W środę Zgromadzenie Parlamentarne Rady Europy wezwało Rosję do przekazania Polsce wraku samolotu Tu-154M, który rozbił się pod Smoleńskiem. Parlamentarzyści przegłosowali rezolucję w tej sprawie.

- Mam nadzieję, że nie zakończy się to tylko satysfakcją moralną. To jasny sygnał, że jednak w sprawie katastrofy smoleńskiej jest jeszcze wiele niewyjaśnionych kwestii. Dobrze, że włącza się w nie również społeczność międzynarodowa. Jest jasne, tak naprawdę dla wszystkich, że to dowód w sprawie. Tymczasem teraz, ten dowód jest po stronie rosyjskiej, która rzekomo cały czas prowadzi postępowanie przygotowawcze. Z tego, co wiemy, żadne działania nie są podejmowane przez prokuratorów – mówiła Małgorzata Wypych.

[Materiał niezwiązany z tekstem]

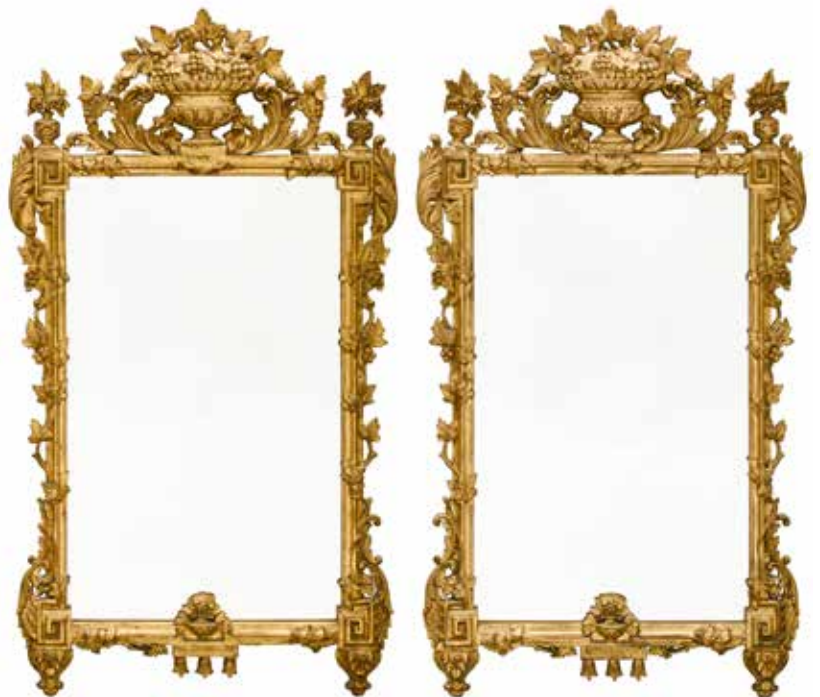
211 A PAIR OF LOUIS XVI STYLE GILTWOOD MIRRORS W 20th century height 58in (147cm); width 31 1/2in (80cm) $8,000 - 12,000
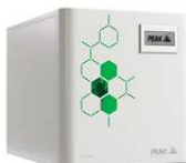
Hydrogen Gas Generator
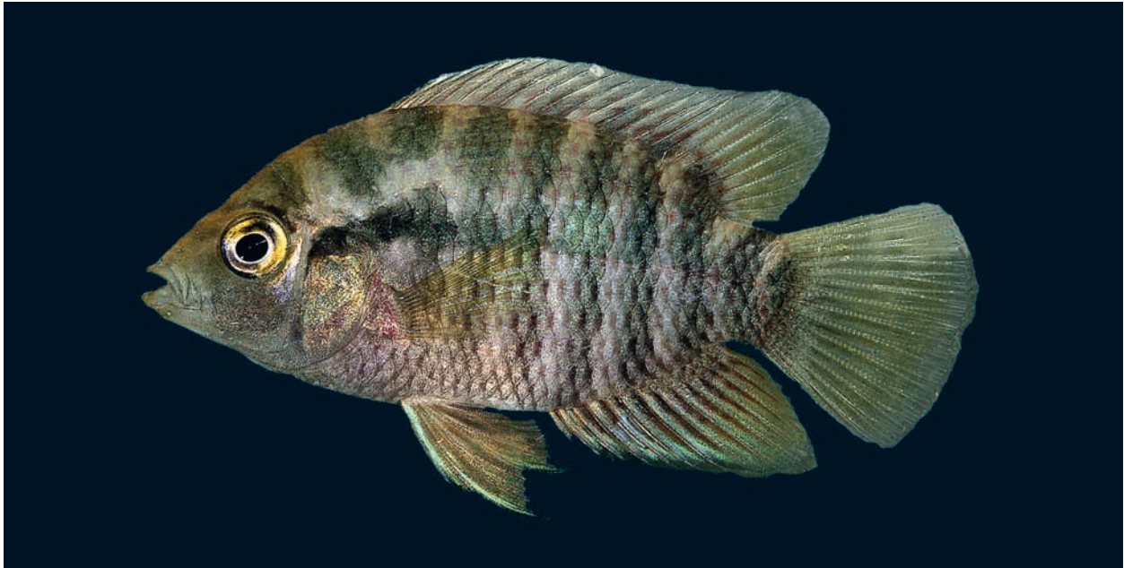
Fig. 1. Australoheros capixaba , sp. n.; Holotype, UFRJ 7725, 57.4 mm SL; Brazil: Estado do Espírito Santo: rio Barra Seca basin.
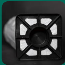
Plug white or black
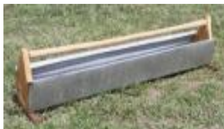
Naivasha long (1m) feeder for about 20 mature birds
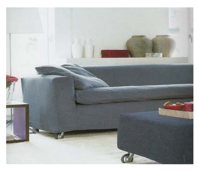
mid blues greyed blues contemporary aged

The more greyed mid-blues are Resene Breakwater and Resene Waratah , and while still energetic they are easier to live with.
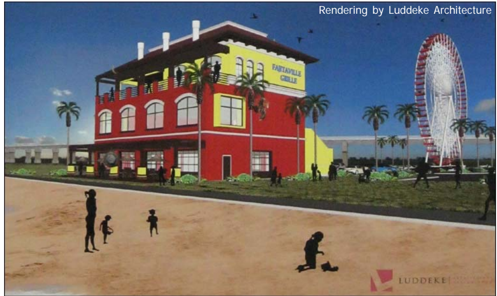
Architect's rendering of Fajitaville depicts three-story restaurant and Ferris wheel.

The Fraziers are hoping to open Fajitaville in July.
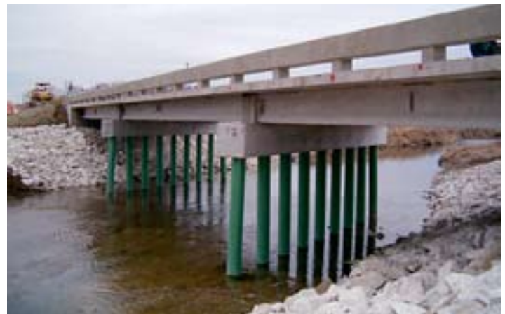
Figure 4 - Completed Boone PPC beam bridge

At the Boone County project site, the existing Marsh Rainbow Arch Bridge (the Mackey Bridge) over Squaw Creek was replaced by a pretensioned, prestressed concrete (PPC) beam bridge (Figure 4). The replacement structure is a continuous, 151- by 33-foot, three-span bridge with a four-girder cross section. The prestressed concrete girders support a full-depth, precast concrete deck.
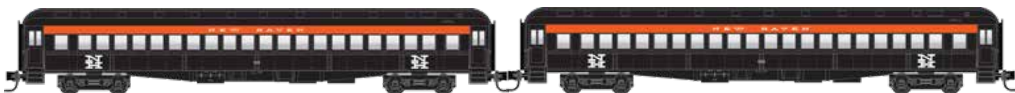
SINGLE WINDOW COACH
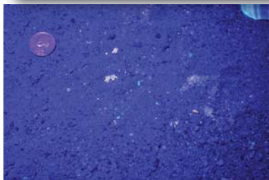
... the same sample area under the LVUV light.
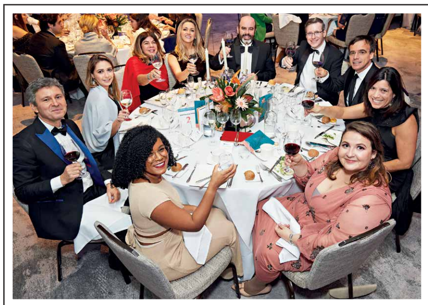
BRITISH AMERICAN TOBACCO
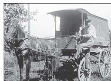
Stock Brothers ice wagon

A trip to the hardware store: Chairs $1.25 each, Cookstove $25, Lantern $1, breach-load-
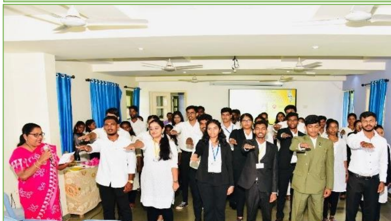
Oath Taking Ceremony during the College Council Inaugural
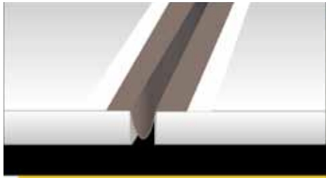
Positioning Mapeband PE 120 in an omega pattern in an expansion joint
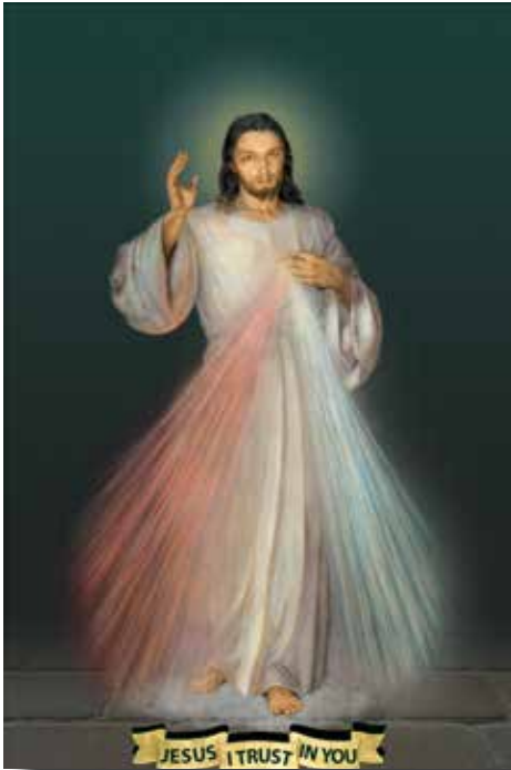
Chaplet of Divine Mercy Said on Rosary Beads

The Blessed Image of Jesus the Divine Mercy is distributed to anyone of goodwill who will accept and display it in their home as a means to receive special graces for strengthening, healing and/or restoring marriages and families.
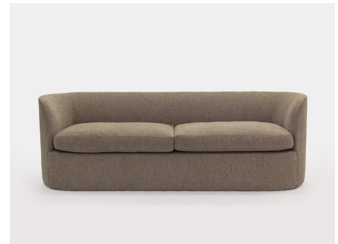
Clapton two seat sofa
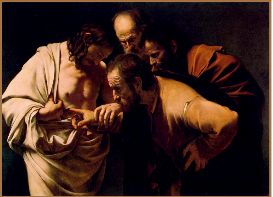
The Incredulity of Saint Thomas

Michelangelo Merisi Caravaggio, da, 1573-1610, from Art in the Christian Tradition, a project of the Vanderbilt Divinity Library, Nashville, TN.
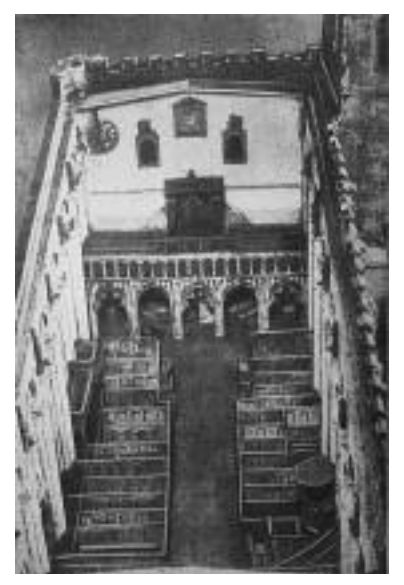
Model of the Priory Church circa 1839

During the interval of my talk, one member of the audience, who had been a choir-boy in the Priory Church, could not accept that the screen had been in any position other than its
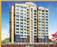
RASSAZ ENCLAVE, MIRA ROAD
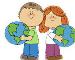
8.- social studies
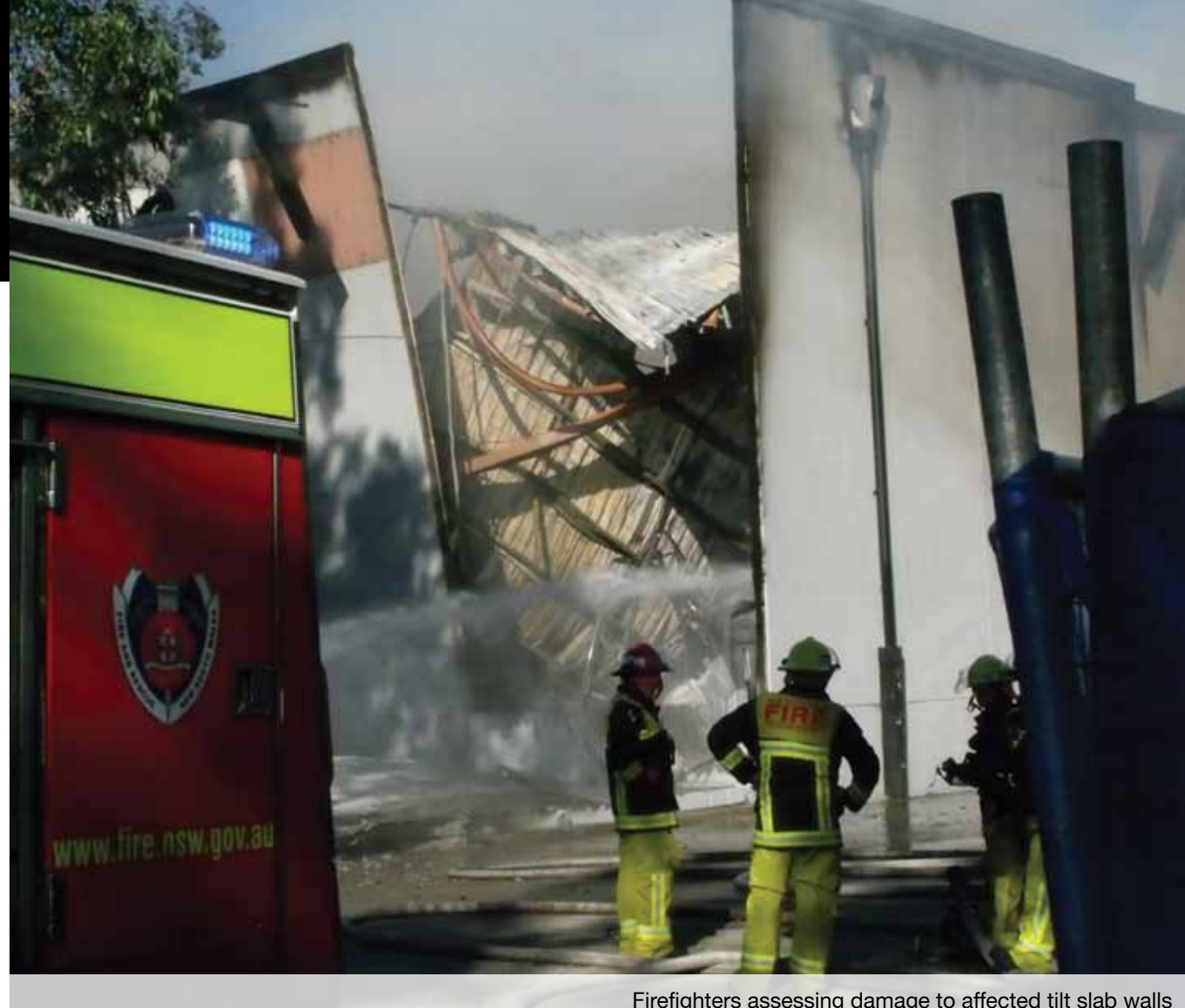
Firefighters assessing damage to affected tilt slab walls
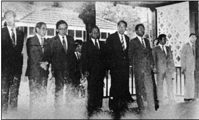
South Korean officials wait at the mausoleum in Rangoon minutes before the bomb detonated.
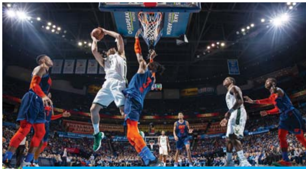
OKLAHOMA CITY: Brook Lopez #11 of the Milwaukee Bucks shoots the ball against the Oklahoma City Thunder on Sunday at Chesapeake Energy Arena in Oklahoma City, Oklahoma.

Ivica Zubac had 24 points and a career-high 16 rebounds and host Los Angeles avoided a season-long
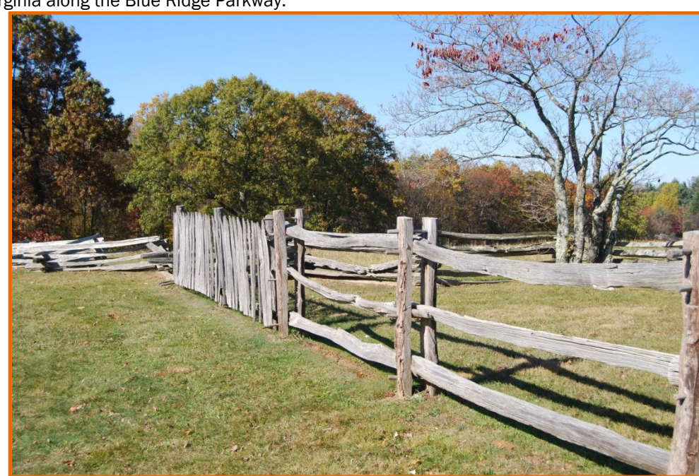
Pictured here are three types of Post and Board, Stockade, and traditional Snake.

The following photos are of pioneer fences. The rustic look and feel recommend them for use around that back country farm scene back up one of those hollars. These were found in Virginia along the Blue Ridge Parkway.
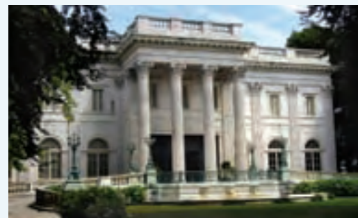
MARBLE HOUSE, NEWPORT, RHODE ISLAND
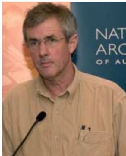
Don Watson , former prime ministerial speechwriter, talked about the decay of public language to an interested Speaker's Corner audience at the Archives in Canberra last October.
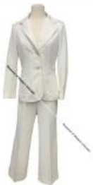
White Pants Suit (1999.55.42)
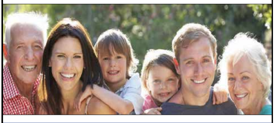
All-inclusive monthly memberships from $35-$55 per visit. CALL or TEXT us today!
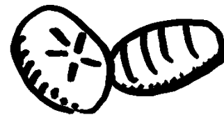
Figure 2. Zephyrian fire seeds

The obtained trigram and its associated haiku suggest a practice to inform both your thoughts, and your actions. The ancient belief was that trigrams encode clocking synchronicities and trends attached to your path in the simulation. A trigram represents the oracle’s best fit estimate of the moment you are embedded in, and how to proceed.
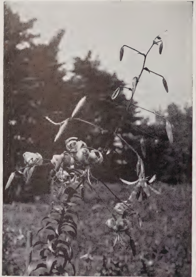
Lilium, HENRYI "JOHN T. SCHEEPERS"
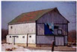
WV1 West Elgin 22924 Johnson Line

Posłanka PiS odniosła się także do mianowania przez prezydenta Andrzeja Dudę 27 nowych sędziów Sądu Najwyższego i tego, że Rzecznik Praw Obywatelskich Adam Bodnar skwitował nominacje, iż są one decyzją polityczną, bo prezydent nie czekał na orzeczenie Trybunału Sprawiedliwości Unii Europejskiej.

- Pytania, które zostały skierowane do Trybunału Europejskiego, dotyczyły wieku emerytalnego sędziów i wieku, w którym mogą przechodzić w stan spoczynku. Nie wiązały się z powołaniem sędziów SN – mówiła Małgorzata Wypych.